I spotted this article in the Irish Times, and thought it interesting. While it's part of the PriceWatch series, it raises a number of environmental questions.I would be an occassional purchaser of bottled water, but I tend to reuse the bottles to bring tap water around with me. I hadn't really considered the environmental costs of it, though the financial absurdity is something I'm aware of.
- What's the story with bottled water?
We like to complain about rip-offs in this country, but sometimes we only have ourselves to blame. Last year, Irish consumers spent hundreds of millions of euro on 135 million bottles of water while everywhere, outside a handful of blackspots, good quality drinking water flowed freely from taps.
The average price of a litre of bottled water in Ireland is around €1.50 - and it sells for several times that amount in many restaurants and cinema foyers. It is not just financial cost but bottled water's environmental impact that is making a growing number of people uneasy, as the BBC's Panorama programme showed last week when it put Britain's love affair with the bottle under its microscope.
Worldwide, consumers spent more than €30 billion on bottled water last year, while 2.5 million tonnes of plastic bottles ended up in landfills or as litter. In the US, 30 million water bottles are dumped in landfills every day.
The production of a litre of bottled water emits hundreds of times more greenhouse gases than a litre of tap water. According to the Earth Policy Institute, around 2.7 million tonnes of plastic are used for bottles each year and making all the bottles for the US market takes 17 million barrels of oil - enough fuel to keep half of Ireland's two million cars motoring for a year.
The most sobering statistic comes from the World Health Organisation, which has reported that at least 1.6 million people die each year from drinking contaminated water: 90 per cent of these are children under five. Significantly more is spent in the developed world on bottled water every year than would be needed to eradicate the deaths of all those children infected with fatal waterborne illness.

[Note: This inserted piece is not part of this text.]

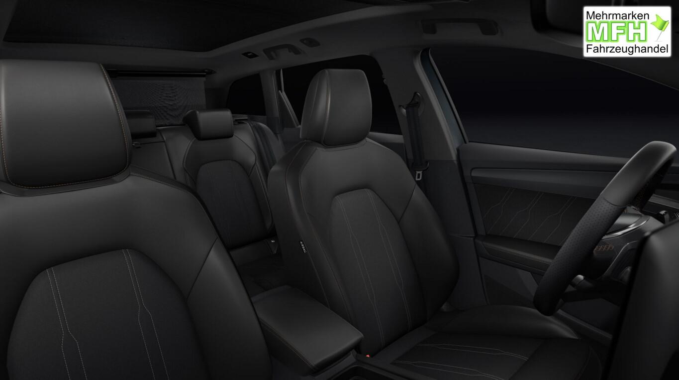 Skyline-Paket (Panorama Schiebe-/Hebedach elektrisch), Anhängerkupplung (Kugelkopf mit elektr. Entriegelung, schwenkbar), Edge-Paket (Ambiente-Beleuchtung LED / Ambiente-Beleuchtung Smart Ambient Light / Schließ-/Startsystem Kessy Advanced / Heckklappe/-Deckel elektr. betätigt (öffnen + schliessen, sensorgesteuert) / Rückfahrkamera / Diebstahl-Warnanlage mit Innenraumüberwachung und Abschleppschutz), Winter-Paket (Sitzheizung vorn), Anti-Blockier-System (ABS), Bluetooth-Freisprecheinrichtung inkl. Sprachsteuerung, Bordcomputer, Elektr. Stabilitätsprogramm (ESP), Heckleuchten Voll-LED mit dynamischem Lichtband (Infinite Light), LM-Felgen 18 Zoll (Garbi), Navigation in Verbindung mit dem Smartphone (über Apple Carplay / Android Auto /...), Otto-Partikelfilter, Pedale Aluminium-Design, Scheinwerfer Voll-LED, Sommerreifen 225/40 R18, Zentralverriegelung, Licht- und Sicht-Paket (Innenspiegel mit Abblendautomatik / Einschaltautomatik für Fahrlicht / Licht- und Regensensor / Lichtassistent (Coming Home, Leaving Home)), Media-System Plus (Audiosystem mit 12,9" Touchscreen-Farbdisplay), Abdeckkappen Außenspiegel Dark Aluminium, Connectivity-Box, Dachhimmel schwarz, Einstiegsleisten vorn beleuchtet, Fensterzierleisten schwarz hochglänzend, Gepäck-/Laderaumboden doppelt, Gepäckraum-Abtrennung (Netz), Gepäckraumbeleuchtung (LED), Karosserie: 5-türig, Kombiinstrument digital (virtual cockpit), Lendenwirbelstütze Sitz vorn links, verstellbar, Lendenwirbelstütze Sitz vorn rechts, verstellbar, Leseleuchten hinten LED, Leseleuchten vorn LED, Motor 2,0 Ltr. - 150 kW 16V TSI, Radioempfang digital (DAB+), Sitz vorn links höhenverstellbar, Sitz vorn rechts höhenverstellbar, Sitzbezug / Polsterung: Stoff/Kunstleder schwarz (Sharp Textil), Sonnenblende links mit Spiegel (beleuchtet), Sonnenblende rechts mit Spiegel (beleuchtet), Warnanlage für Sicherheitsgurt-System, Full Link (MirrorLink, Apple CarPlay und Android Auto), USB-Ladeanschlüsse (2-fach, Typ C) für 2.Sitzreihe, USB-Schnittstelle vorn (2-fach, Typ C), Getriebe 7-Gang - Doppelkupplungsgetriebe DSG, Klimaanlage Climatronic 3-Zonen, Airbag Beifahrerseite abschaltbar, Airbag Fahrer-/Beifahrerseite, Fensterheber elektrisch vorn + hinten mit Komfortschaltung, Isofix-Aufnahmen für Kindersitz an Beifahrersitz und Rücksitz (inkl. i-Size-Kindersitze), Mittelarmlehne vorn, Seitenscheiben ab 2.Sitzreihe und Heckscheibe dunkel getönt (Privacy Glass), Sportsitze vorn, Fahrassistenz-System: Fahrprofilauswahl (CUPRA Drive Profile), Dachreling schwarz, hochglänzend, Wärmeschutzverglasung, Fahrassistenz-System: Automatische Distanzregelung (ACC), Notrufsystem, Lenkrad heizbar (CUPRA Supersport, Leder) mit Multifunktion und Schaltfunktion, Progressivlenkung, Außenspiegel elektr. verstell-, heiz- und anklappbar mit Spiegelabsenkung und Welcome Light, Einparkhilfe vorn und hinten, Fahrassistenz-System: Müdigkeitserkennung, Fahrassistenz-System: Spurhalteassistent, Fahrassistenz-System: Umfeldbeobachtungssystem (Front assist) mit City-Notbremsfunktion, Reifenkontroll-Anzeige

Is it any wonder that on Panorama , British environment minister Phil Woolas said it was "morally unacceptable to spend hundreds of millions of pounds on bottled water when we have pure drinking water, when at the same time one of the crises facing the world is the supply of water. There are many countries who haven't got pure tap water. We should be concentrating our efforts on putting that right".
Apart from the problem of contaminated water in some areas of the country, can any posters give a good reason for the amount we spend on bottled water in Ireland?